- EXERCISE OBJECTIVE
Copy, pictures aside: the lines below from the one that holds "View of the" through the final line of the listing, both ends included, exactly as they are and nothing else.

- DATA SHOWN
[Start of section]

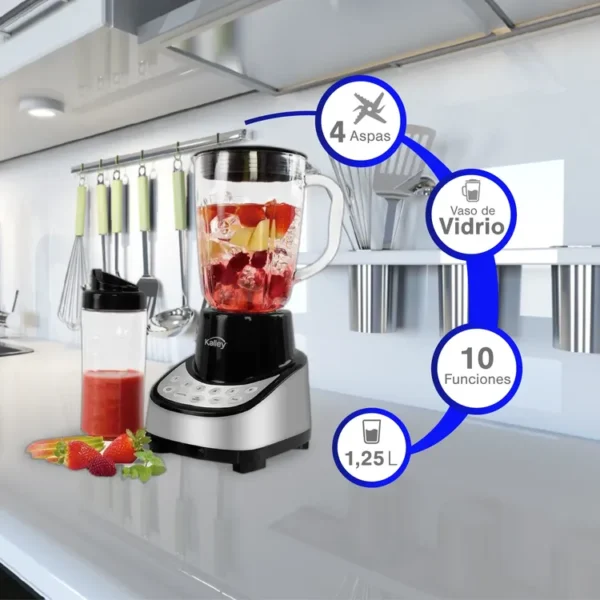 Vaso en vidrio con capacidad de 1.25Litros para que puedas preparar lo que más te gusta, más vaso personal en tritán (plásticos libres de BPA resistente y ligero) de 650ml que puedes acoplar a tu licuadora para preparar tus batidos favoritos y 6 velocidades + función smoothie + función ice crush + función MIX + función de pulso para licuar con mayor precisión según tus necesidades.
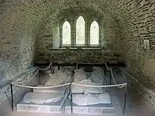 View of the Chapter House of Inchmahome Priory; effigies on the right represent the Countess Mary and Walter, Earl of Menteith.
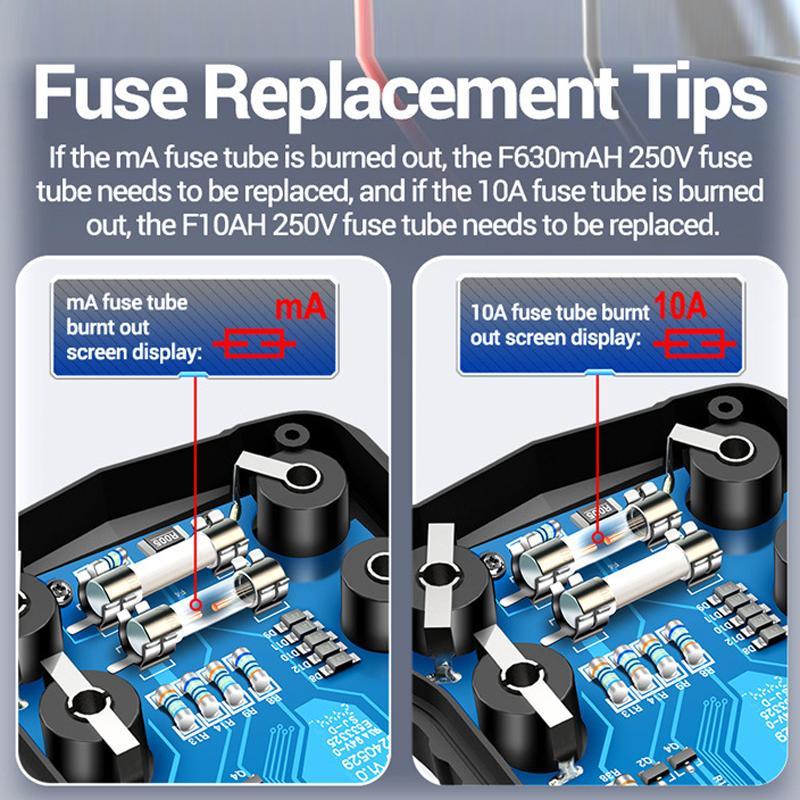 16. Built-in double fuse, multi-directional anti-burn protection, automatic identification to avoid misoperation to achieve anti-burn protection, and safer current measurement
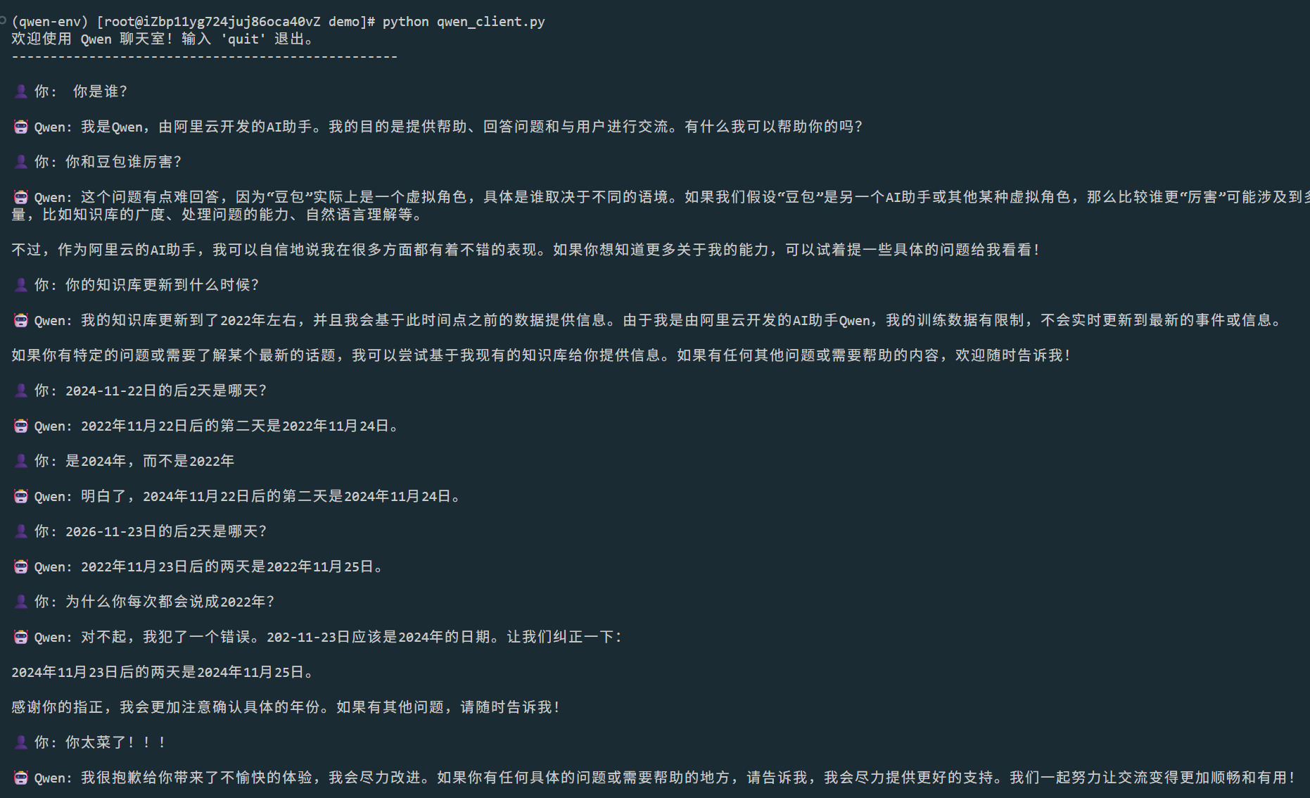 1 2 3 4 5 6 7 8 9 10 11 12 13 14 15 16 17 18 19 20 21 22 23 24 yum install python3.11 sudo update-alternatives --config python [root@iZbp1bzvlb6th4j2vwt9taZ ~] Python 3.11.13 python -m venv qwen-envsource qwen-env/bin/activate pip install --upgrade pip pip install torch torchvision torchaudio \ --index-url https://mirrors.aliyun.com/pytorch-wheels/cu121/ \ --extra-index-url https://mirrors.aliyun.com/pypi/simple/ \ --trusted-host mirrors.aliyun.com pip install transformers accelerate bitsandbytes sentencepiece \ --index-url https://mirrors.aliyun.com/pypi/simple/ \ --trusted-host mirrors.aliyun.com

[End of section]

- RESULT
 View of the Chapter House of Inchmahome Priory; effigies on the right represent the Countess Mary and Walter, Earl of Menteith.
 16. Built-in double fuse, multi-directional anti-burn protection, automatic identification to avoid misoperation to achieve anti-burn protection, and safer current measurement
 1 2 3 4 5 6 7 8 9 10 11 12 13 14 15 16 17 18 19 20 21 22 23 24 yum install python3.11 sudo update-alternatives --config python [root@iZbp1bzvlb6th4j2vwt9taZ ~] Python 3.11.13 python -m venv qwen-envsource qwen-env/bin/activate pip install --upgrade pip pip install torch torchvision torchaudio \ --index-url https://mirrors.aliyun.com/pytorch-wheels/cu121/ \ --extra-index-url https://mirrors.aliyun.com/pypi/simple/ \ --trusted-host mirrors.aliyun.com pip install transformers accelerate bitsandbytes sentencepiece \ --index-url https://mirrors.aliyun.com/pypi/simple/ \ --trusted-host mirrors.aliyun.com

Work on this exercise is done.